**Data to examine:**
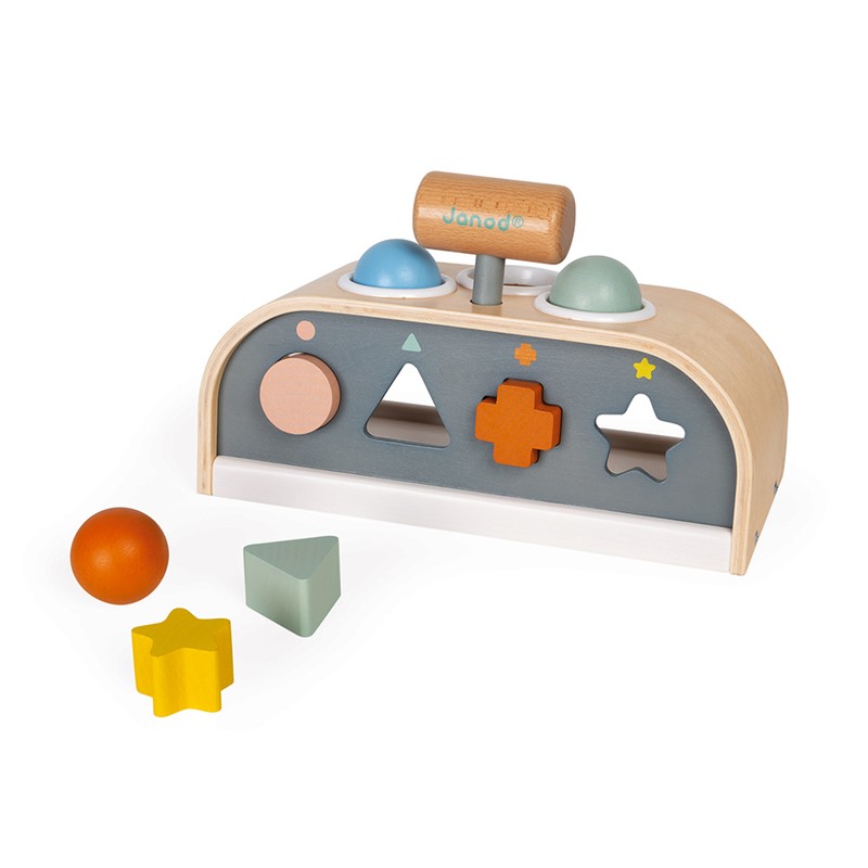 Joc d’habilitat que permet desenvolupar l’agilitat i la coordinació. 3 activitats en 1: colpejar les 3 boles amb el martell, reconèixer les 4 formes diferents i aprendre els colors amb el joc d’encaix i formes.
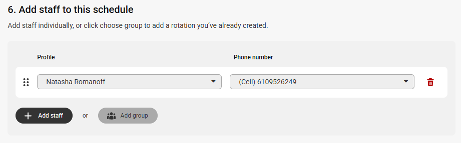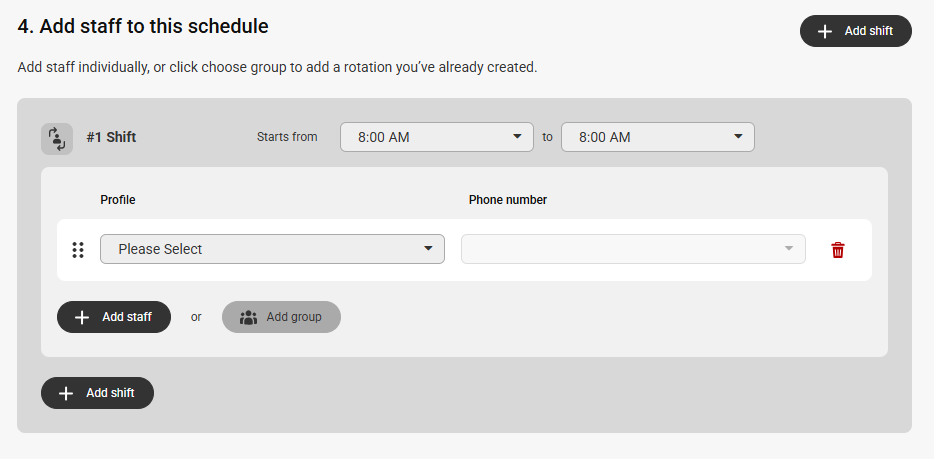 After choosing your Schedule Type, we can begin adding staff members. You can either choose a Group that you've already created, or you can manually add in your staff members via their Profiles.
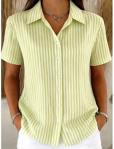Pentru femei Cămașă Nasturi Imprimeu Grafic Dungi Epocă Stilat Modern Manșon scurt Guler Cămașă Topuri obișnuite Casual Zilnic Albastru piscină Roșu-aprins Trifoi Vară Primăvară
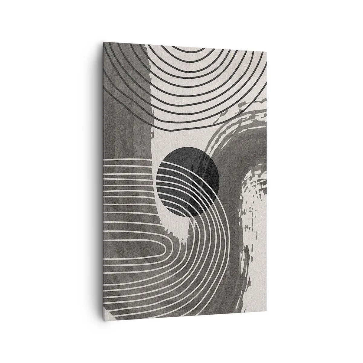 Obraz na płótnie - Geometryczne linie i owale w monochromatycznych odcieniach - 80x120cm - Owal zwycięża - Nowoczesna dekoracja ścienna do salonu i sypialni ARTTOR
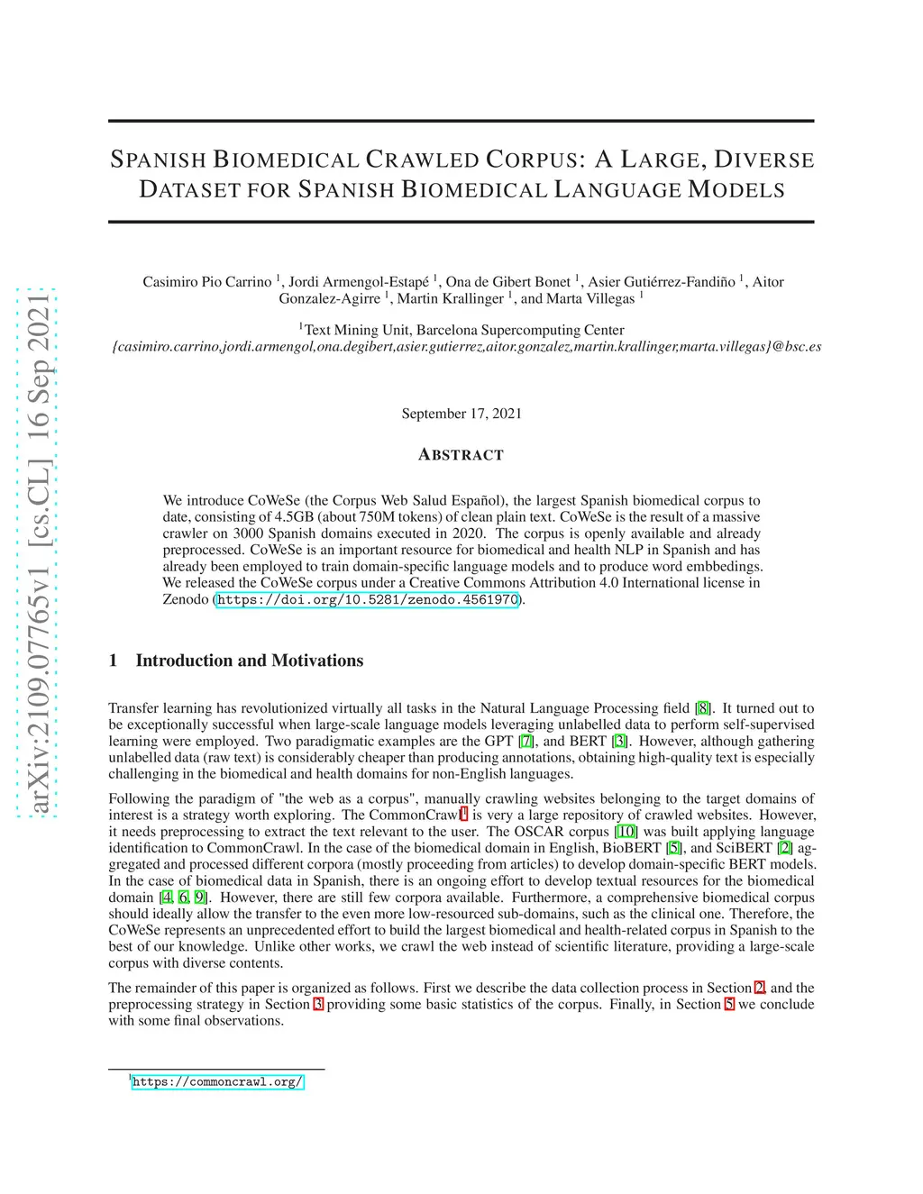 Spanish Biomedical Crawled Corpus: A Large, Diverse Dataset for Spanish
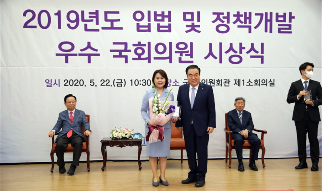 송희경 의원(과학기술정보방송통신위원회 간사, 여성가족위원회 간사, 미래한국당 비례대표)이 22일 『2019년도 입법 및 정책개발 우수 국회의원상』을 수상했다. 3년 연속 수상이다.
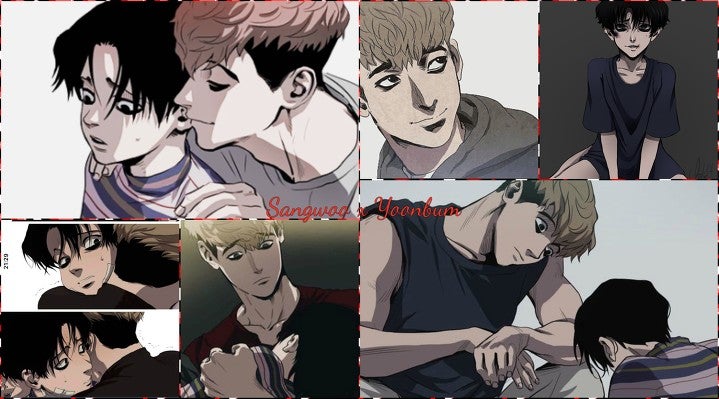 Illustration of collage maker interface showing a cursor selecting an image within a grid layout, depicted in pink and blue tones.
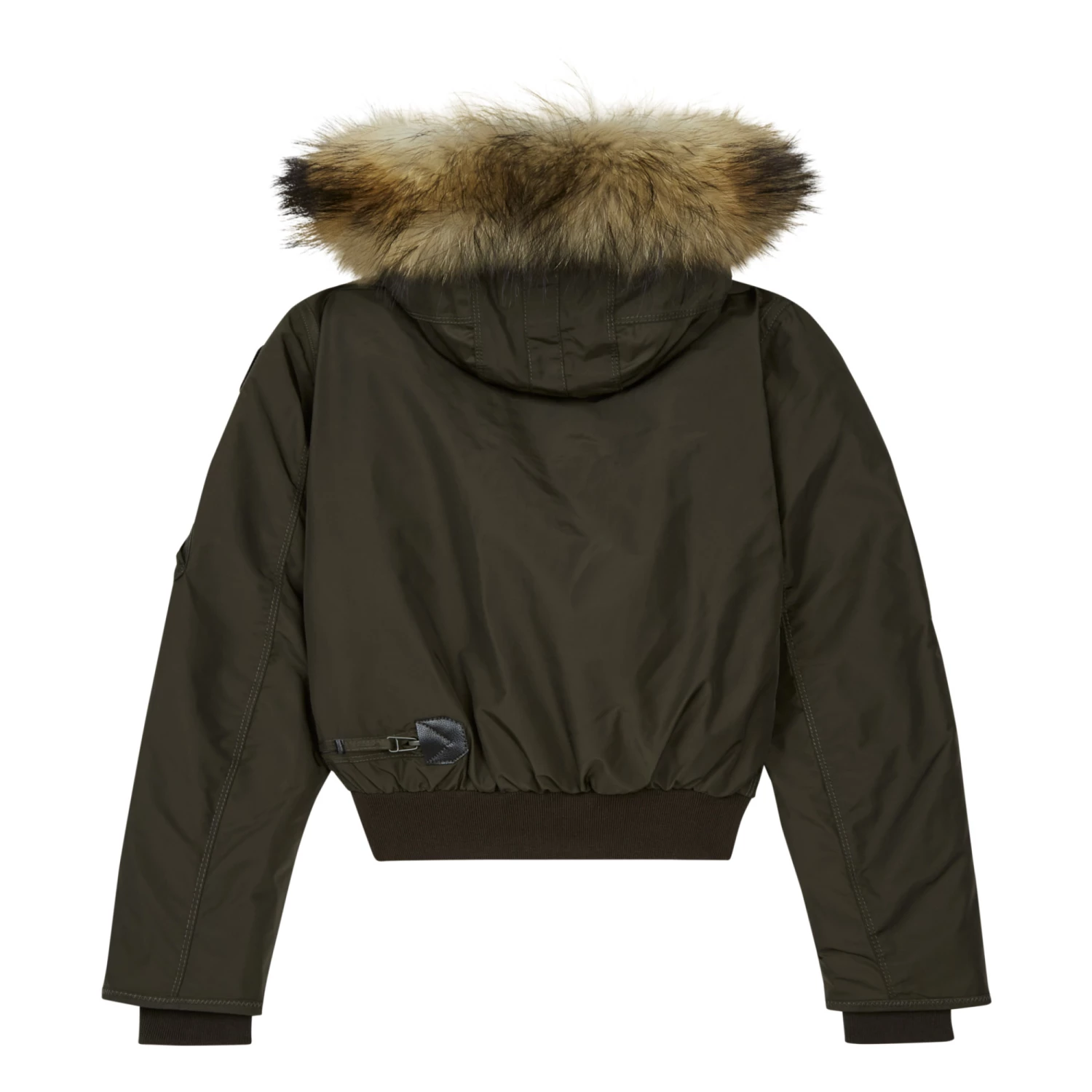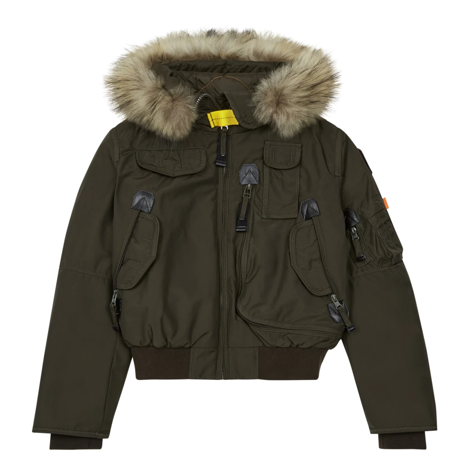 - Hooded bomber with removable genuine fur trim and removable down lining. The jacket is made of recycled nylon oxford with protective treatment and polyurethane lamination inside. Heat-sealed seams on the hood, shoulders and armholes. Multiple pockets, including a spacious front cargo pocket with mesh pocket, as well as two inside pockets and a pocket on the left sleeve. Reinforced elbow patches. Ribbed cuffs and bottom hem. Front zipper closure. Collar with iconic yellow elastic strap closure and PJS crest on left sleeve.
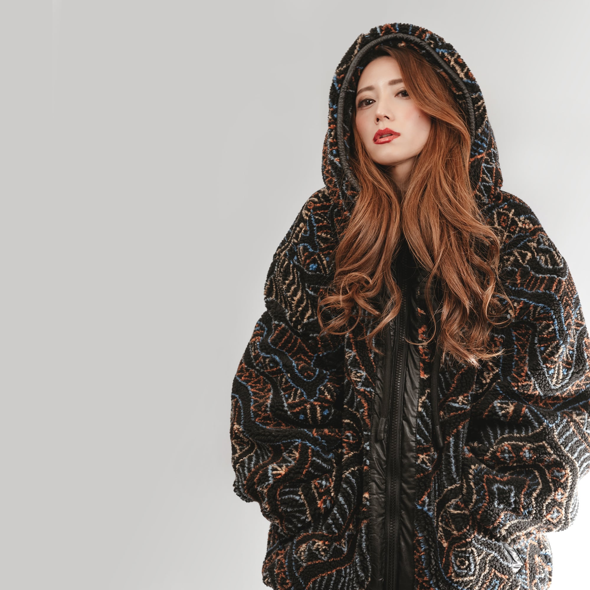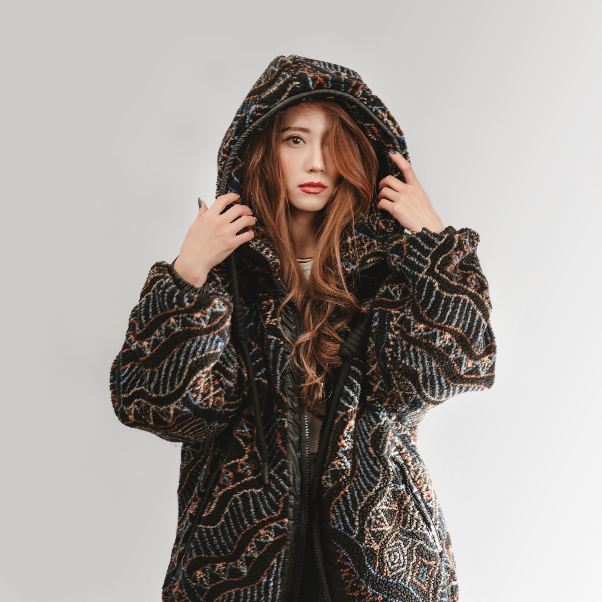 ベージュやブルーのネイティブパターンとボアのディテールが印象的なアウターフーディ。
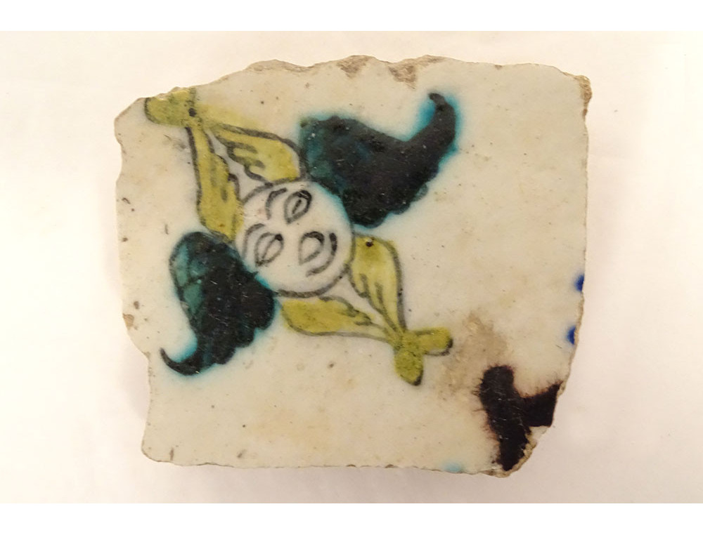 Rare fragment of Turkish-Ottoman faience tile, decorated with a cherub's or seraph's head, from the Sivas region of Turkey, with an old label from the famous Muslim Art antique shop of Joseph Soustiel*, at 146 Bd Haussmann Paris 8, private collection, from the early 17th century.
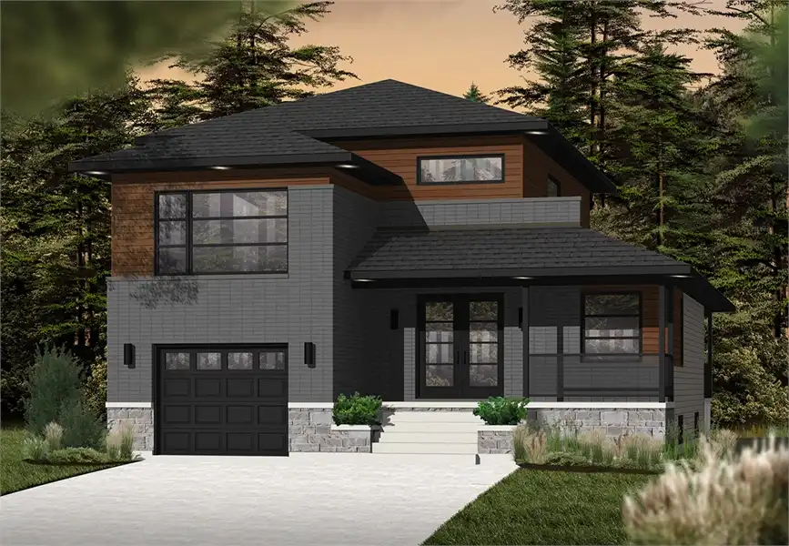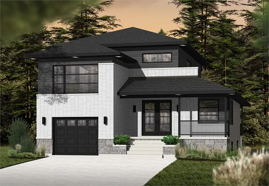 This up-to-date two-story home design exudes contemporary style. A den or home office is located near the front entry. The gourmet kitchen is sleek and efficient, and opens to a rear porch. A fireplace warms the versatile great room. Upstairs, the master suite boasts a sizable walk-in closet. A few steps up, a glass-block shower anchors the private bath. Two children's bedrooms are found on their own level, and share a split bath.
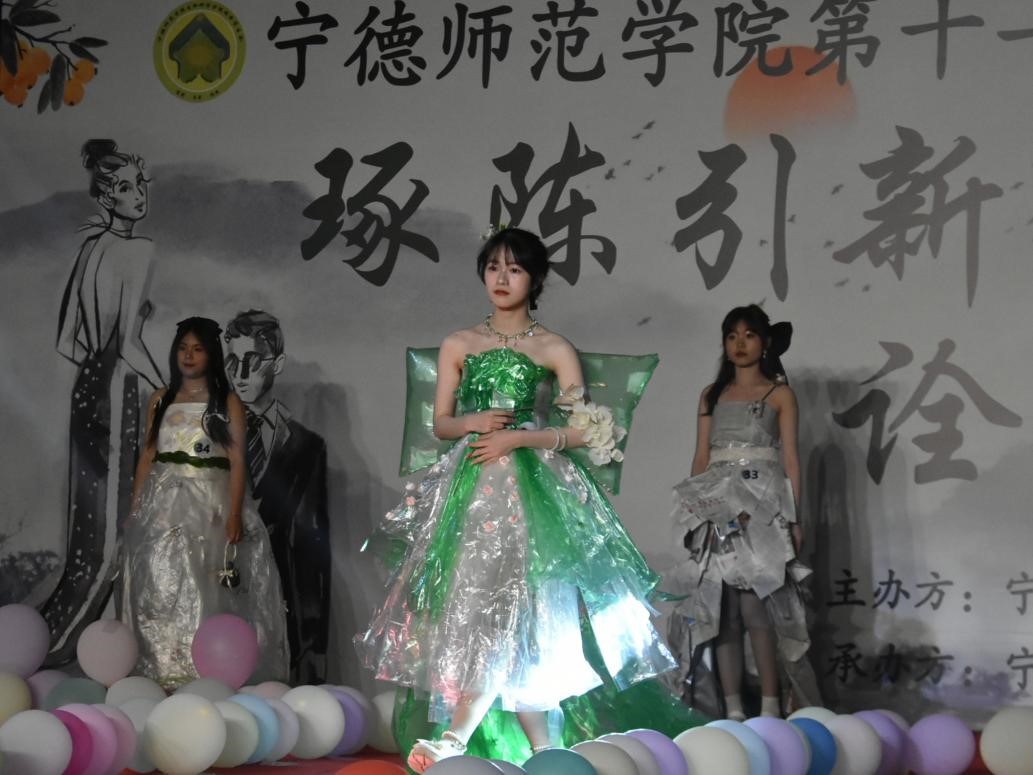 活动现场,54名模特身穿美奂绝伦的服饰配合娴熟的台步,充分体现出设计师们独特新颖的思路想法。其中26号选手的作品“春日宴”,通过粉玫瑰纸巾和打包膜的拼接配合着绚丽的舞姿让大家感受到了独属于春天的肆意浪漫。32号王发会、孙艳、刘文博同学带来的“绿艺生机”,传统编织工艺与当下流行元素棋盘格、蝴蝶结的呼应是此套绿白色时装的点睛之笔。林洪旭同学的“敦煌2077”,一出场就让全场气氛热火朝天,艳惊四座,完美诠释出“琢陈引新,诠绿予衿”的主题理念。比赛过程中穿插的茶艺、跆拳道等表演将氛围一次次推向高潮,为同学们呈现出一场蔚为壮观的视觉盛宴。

**Problem requirements:** Write out word for word the lines of the listing above from the line with "After choosing your" to the line with "Illustration of collage", taking in both of those lines but no pictures.

**Answer to the exercise:**
 After choosing your Schedule Type, we can begin adding staff members. You can either choose a Group that you've already created, or you can manually add in your staff members via their Profiles.
Pentru femei Cămașă Nasturi Imprimeu Grafic Dungi Epocă Stilat Modern Manșon scurt Guler Cămașă Topuri obișnuite Casual Zilnic Albastru piscină Roșu-aprins Trifoi Vară Primăvară
 Obraz na płótnie - Geometryczne linie i owale w monochromatycznych odcieniach - 80x120cm - Owal zwycięża - Nowoczesna dekoracja ścienna do salonu i sypialni ARTTOR
 Spanish Biomedical Crawled Corpus: A Large, Diverse Dataset for Spanish
 송희경 의원(과학기술정보방송통신위원회 간사, 여성가족위원회 간사, 미래한국당 비례대표)이 22일 『2019년도 입법 및 정책개발 우수 국회의원상』을 수상했다. 3년 연속 수상이다.
 Illustration of collage maker interface showing a cursor selecting an image within a grid layout, depicted in pink and blue tones.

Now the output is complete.